Waymo reached 500,000 paid robotaxi rides per week across 10 U.S. cities in March 2026, according to TechCrunch. The milestone represents a 10x increase from 50,000 weekly rides in May 2024 and a doubling in under a year. The company is now halfway to its stated target of 1 million rides per week by the end of 2026, achieved in the first quarter.
The Expansion Map
Waymo operates in 10 cities: Phoenix, San Francisco, Los Angeles, Austin, Atlanta, Miami, Dallas, Houston, San Antonio, and Orlando. Seven of those — the Sun Belt cities — were added in the past year alone. The fleet of approximately 3,000 vehicles has remained relatively stable, meaning Waymo is extracting more rides per vehicle through better utilization rather than just adding cars.
Zoox, Amazon’s autonomous vehicle subsidiary, expanded to Austin and Miami while quadrupling its San Francisco service area.

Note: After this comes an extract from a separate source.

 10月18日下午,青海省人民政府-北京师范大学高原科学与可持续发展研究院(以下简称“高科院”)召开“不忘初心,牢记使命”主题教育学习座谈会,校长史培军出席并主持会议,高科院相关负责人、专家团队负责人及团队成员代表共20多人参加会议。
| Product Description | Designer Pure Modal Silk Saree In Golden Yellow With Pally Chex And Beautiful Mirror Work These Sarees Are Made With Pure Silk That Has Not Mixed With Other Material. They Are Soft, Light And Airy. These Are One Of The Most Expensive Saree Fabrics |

Uber announced plans to launch Europe’s first commercial robotaxi service with Pony AI in Zagreb, Croatia. Avride and Motional are pushing toward paid services in additional U.S. markets by year-end.
Tesla’s Absence
California officially confirmed that Tesla is not operating an autonomous vehicle service in the state. Tesla launched a paid robotaxi service in Austin in January 2026 but lacks the required permits for California operations. The gap between Tesla’s autonomous driving marketing and its actual operational status remains the widest in the industry.

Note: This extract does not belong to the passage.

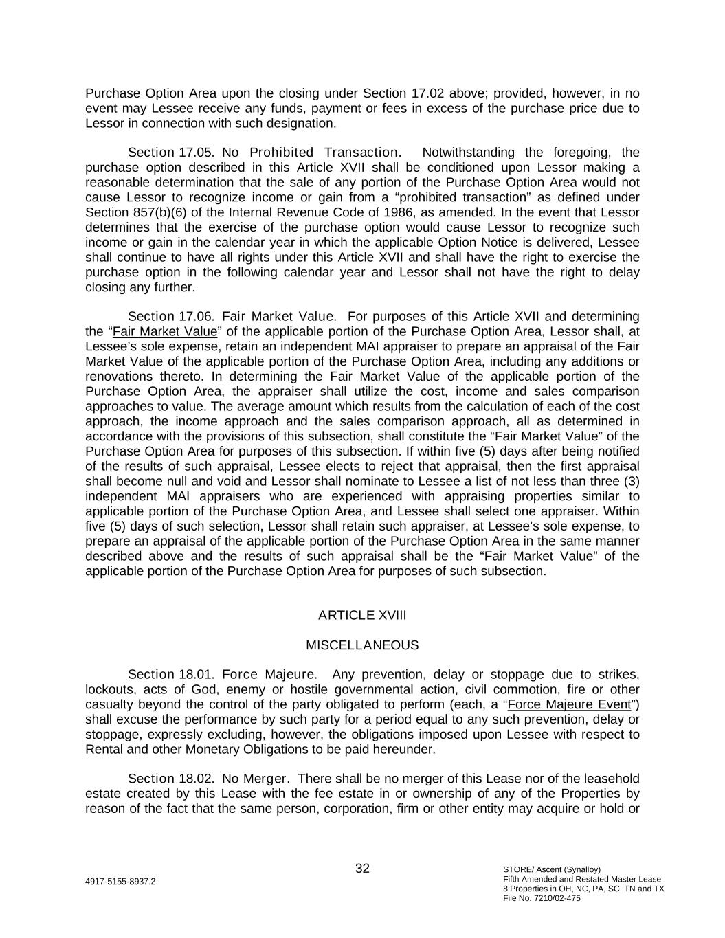 STORE/ Ascent (Synalloy) Fifth Amended and Restated Master Lease 8 Properties in OH, NC, PA, SC, TN and TX File No. 7210/02-475 32 4917-5155-8937.2 Purchase Option Area upon the closing under Section 17.02 above; provided, however, in no event may Lessee receive any funds, payment or fees in excess of the purchase price due to Lessor in connection with such designation. Section 17.05. No Prohibited Transaction. Notwithstanding the foregoing, the purchase option described in this Article XVII shall be conditioned upon Lessor making a reasonable determination that the sale of any portion of the Purchase Option Area would not cause Lessor to recognize income or gain from a “prohibited transaction” as defined under Section 857(b)(6) of the Internal Revenue Code of 1986, as amended. In the event that Lessor determines that the exercise of the purchase option would cause Lessor to recognize such income or gain in the calendar year in which the applicable Option Notice is delivered, Lessee shall continue to have all rights under this Article XVII and shall have the right to exercise the purchase option in the following calendar year and Lessor shall not have the right to delay closing any further. Section 17.06. Fair Market Value. For purposes of this Article XVII and determining the “Fair Market Value” of the applicable portion of the Purchase Option Area, Lessor shall, at Lessee’s sole expense, retain an independent MAI appraiser to prepare an appraisal of the Fair Market Value of the applicable portion of the Purchase Option Area, including any additions or renovations thereto. In determining the Fair Market Value of the applicable portion of the Purchase Option Area, the appraiser shall utilize the cost, income and sales comparison approaches to value. The average amount which results from the calculation of each of the cost approach, the income approach and the sales comparison approach, all as determined in accordance with the provisions of this subsection, shall constitute the “Fair Market Value” of the Purchase Option Area for purposes of this subsection. If within five (5) days after being notified of the results of such appraisal, Lessee elects to reject that appraisal, then the first appraisal shall become null and void and Lessor shall nominate to Lessee a list of not less than three (3) independent MAI appraisers who are experienced with appraising properties similar to applicable portion of the Purchase Option Area, and Lessee shall select one appraiser. Within five (5) days of such selection, Lessor shall retain such appraiser, at Lessee’s sole expense, to prepare an appraisal of the applicable portion of the Purchase Option Area in the same manner described above and the results of such appraisal shall be the “Fair Market Value” of the applicable portion of the Purchase Option Area for purposes of such subsection. ARTICLE XVIII MISCELLANEOUS Section 18.01. Force Majeure. Any prevention, delay or stoppage due to strikes, lockouts, acts of God, enemy or hostile governmental action, civil commotion, fire or other casualty beyond the control of the party obligated to perform (each, a “Force Majeure Event”) shall excuse the performance by such party for a period equal to any such prevention, delay or stoppage, expressly excluding, however, the obligations imposed upon Lessee with respect to Rental and other Monetary Obligations to be paid hereunder. Section 18.02. No Merger. There shall be no merger of this Lease nor of the leasehold estate created by this Lease with the fee estate in or ownership of any of the Properties by reason of the fact that the same person, corporation, firm or other entity may acquire or hold or
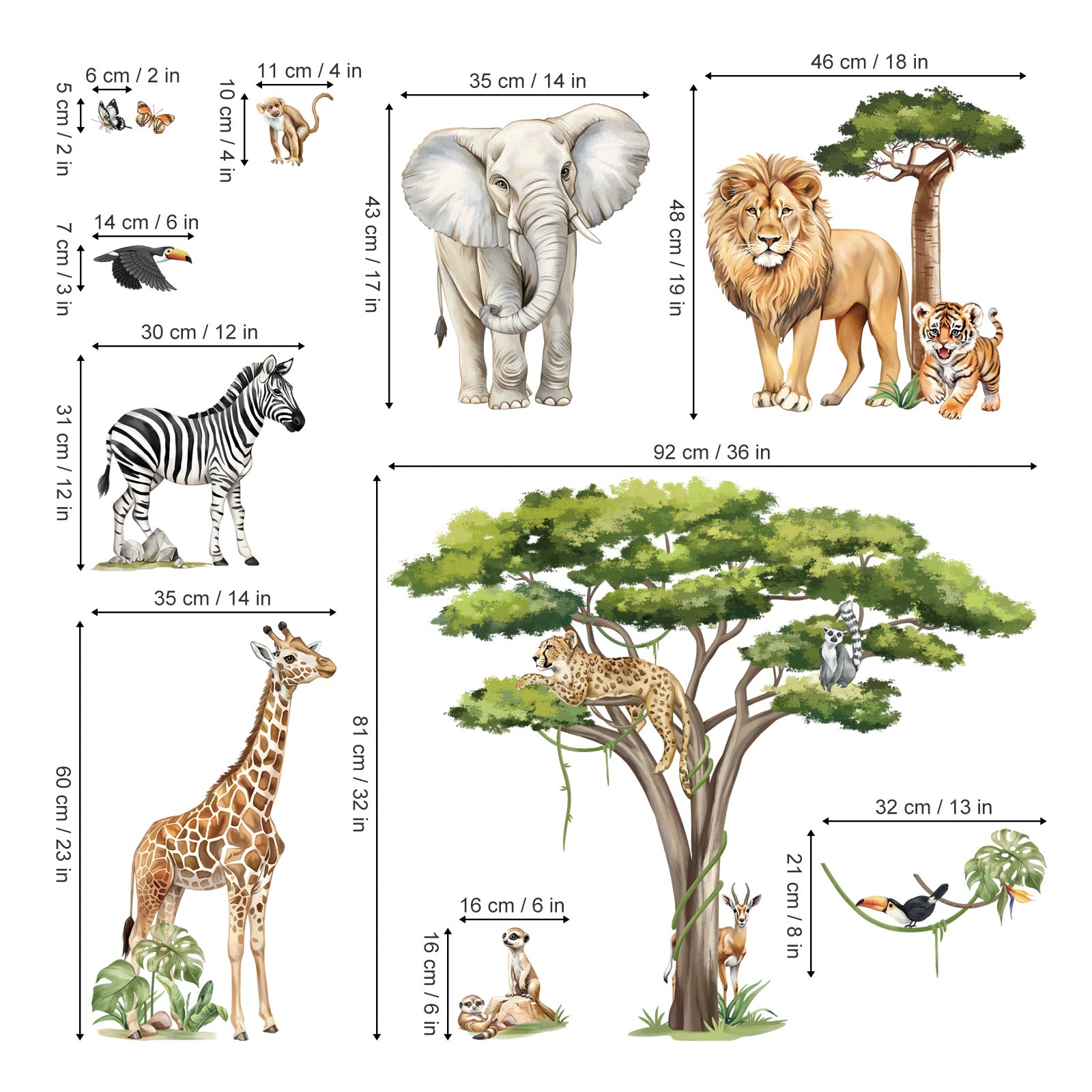 decalmile Large Safari Animals Tree Wall Stickers Jungle Animals Giraffe Elephant Lion Leopard Wall Decals(XXL)

The autonomous vehicle landscape as of March 2026 has a clear leader: Waymo is delivering at scale, doubling ridership annually, and expanding geographically. The rest of the field is either in early commercial operations (Tesla in Austin, Zoox in select cities) or pre-launch (Uber/Pony AI in Europe). The question is no longer whether autonomous vehicles work commercially but how fast Waymo’s lead can be closed.